- **DATASET EXTRACT**
*** Block opens ***
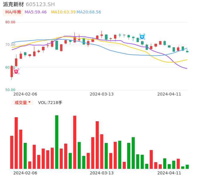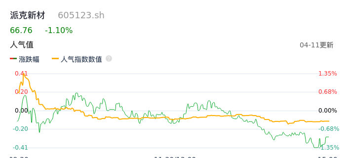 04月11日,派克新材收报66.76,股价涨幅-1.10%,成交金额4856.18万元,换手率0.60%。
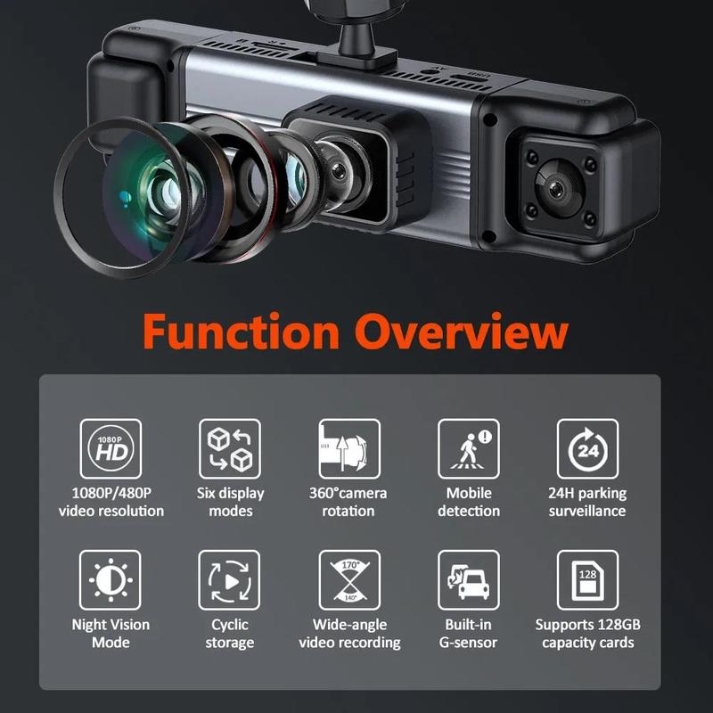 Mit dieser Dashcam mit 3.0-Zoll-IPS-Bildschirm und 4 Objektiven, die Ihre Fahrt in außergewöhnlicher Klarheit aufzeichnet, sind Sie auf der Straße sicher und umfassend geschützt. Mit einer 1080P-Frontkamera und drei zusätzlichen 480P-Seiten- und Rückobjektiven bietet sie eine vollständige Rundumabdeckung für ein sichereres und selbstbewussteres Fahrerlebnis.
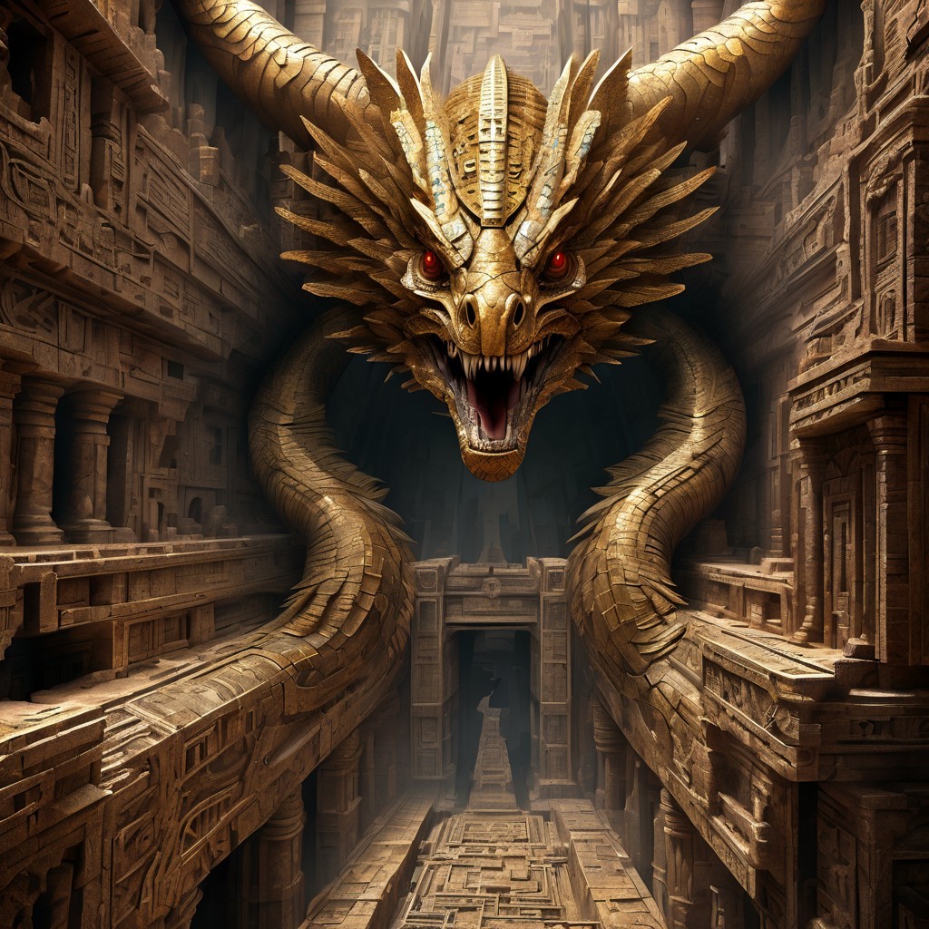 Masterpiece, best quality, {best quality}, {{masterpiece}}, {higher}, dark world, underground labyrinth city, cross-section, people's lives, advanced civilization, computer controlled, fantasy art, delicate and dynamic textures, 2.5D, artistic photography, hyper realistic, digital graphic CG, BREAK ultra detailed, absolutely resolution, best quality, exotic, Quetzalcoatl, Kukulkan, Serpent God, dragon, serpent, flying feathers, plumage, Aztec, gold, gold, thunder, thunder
*** Block closes ***
Transcribe the listing above in full and exactly; no pictures belong in the copy.

 04月11日,派克新材收报66.76,股价涨幅-1.10%,成交金额4856.18万元,换手率0.60%。
 Mit dieser Dashcam mit 3.0-Zoll-IPS-Bildschirm und 4 Objektiven, die Ihre Fahrt in außergewöhnlicher Klarheit aufzeichnet, sind Sie auf der Straße sicher und umfassend geschützt. Mit einer 1080P-Frontkamera und drei zusätzlichen 480P-Seiten- und Rückobjektiven bietet sie eine vollständige Rundumabdeckung für ein sichereres und selbstbewussteres Fahrerlebnis.
 Masterpiece, best quality, {best quality}, {{masterpiece}}, {higher}, dark world, underground labyrinth city, cross-section, people's lives, advanced civilization, computer controlled, fantasy art, delicate and dynamic textures, 2.5D, artistic photography, hyper realistic, digital graphic CG, BREAK ultra detailed, absolutely resolution, best quality, exotic, Quetzalcoatl, Kukulkan, Serpent God, dragon, serpent, flying feathers, plumage, Aztec, gold, gold, thunder, thunder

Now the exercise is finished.